I'm doing this right before I go to bed.
Cause who needs 4 hours of sleep before a long trip?
Not me!
Vil:
Oh, this mans is so good to you
You get all the best treatment
And all the best shit
And he teaches you how to present yourself
And yes, he can be strict on you, but nowhere near as strict as how he is with his dorm mates
Not a big pda or cuddle guy, but will def hold your hand or stroke your hair
Compliments are something he does on the regular with you
Whether you're dressed up or not
Also, if you're not super into feminine stuff (like he does with Epel), he can tone it down
But anything masculine wise is something you'll have to do on your own
But he might help
Maybe
(You know he will)
Also, you're about to be fucking famous
And it might suck
But Vil's there to help out
And shield you from fans
And paparazzi
But mainly fans
Cause they get feral
But not to worry, cause he'll tell them off
Just for you
Also, just a little something spicy cause I just thought of this, but he likes putting lipstick on before kissing you to "help you put on makeup"
Rook:
......
Stalker
Plain and simple
But you probably won't notice him
And it doesn't really make you uncomfy cause he promised not to look when you're doing something you don't want him to see (you'll have to tell him what not to look at though, cause this mans would probably follow you to the bathroom (pfft- imagine taking a shit and you hear "Ooo la la!" or something like that))
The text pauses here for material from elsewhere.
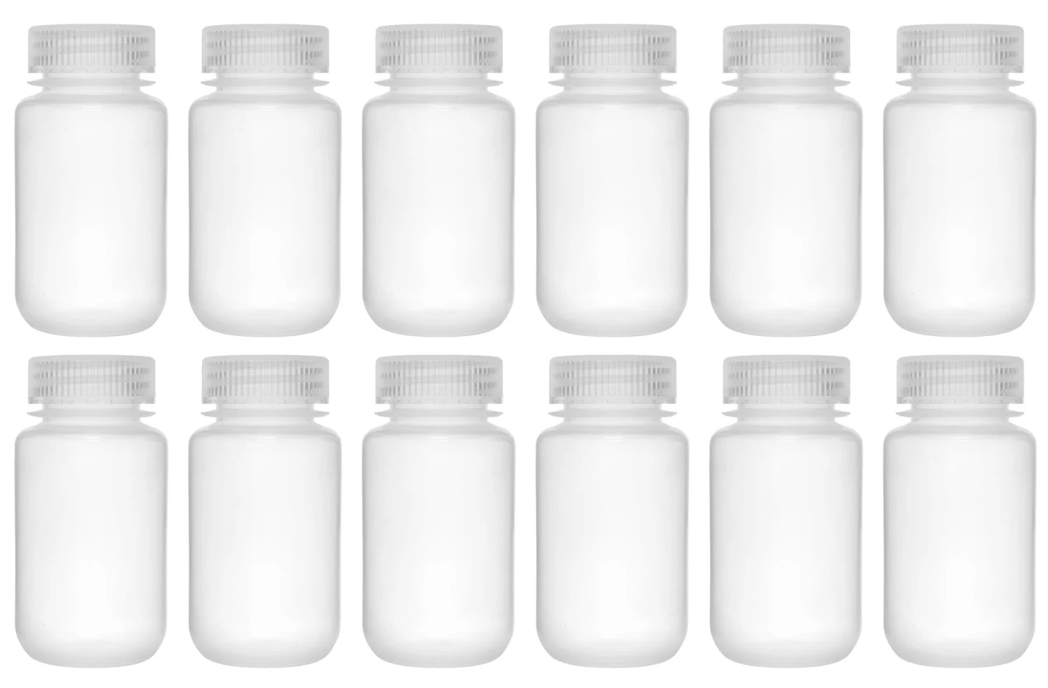 Pack of twelve 125ml capacity, wide neck reagent bottles with leak-proof screw caps. Perfect for storing chemicals, liquids and powders. Both the bottle and screw cap are made of high quality, rigid polypropylene plastic that is translucent and provides excellent optical clarity.

Although, when you do need something, he's right there
And able to help
If you can't reach something-
Guess who's right behind you to help!
Hungry?
Now there's some food that mysteriously appeared on a bench nearby
Feeling down?
A lovely letter is now embedded into a tree right near your head with an arrow
(he would never hit you with his arrows, he's too careful for that)
Always knows how you're feeling at all times
Also, the best with compliments
You can't got 2 minutes without getting a compliment on something
And sure, you might get annoyed by it, and if you tell him, he'll back off-
But he's just gonna write it down in his notes later or something to tell you later
Epel:
Tough boi
Will fight for you
Absolutely lets lose around you
Accent and all
And it's amazing
Cause his accent's amazing
And you get to hear it whenever Vil isn't around
Also, brings you apple shit all the time
You'll become obsessed with apples at some point
Can't really get sick of them when he keeps giving you so much and eating them with you
Always checking in on you
If you're feeling bad, will cheer you up
Usually by talking with his accent, cause that does pretty well
Always in the mood for cuddles
(Most def wants to introduce you to his family, but that's all good to save for another day)
Can you tell I got tired near the end?
I feel like a didn't try at all on Epel.
I feel bad.
But I'm really tired....
Sorry.....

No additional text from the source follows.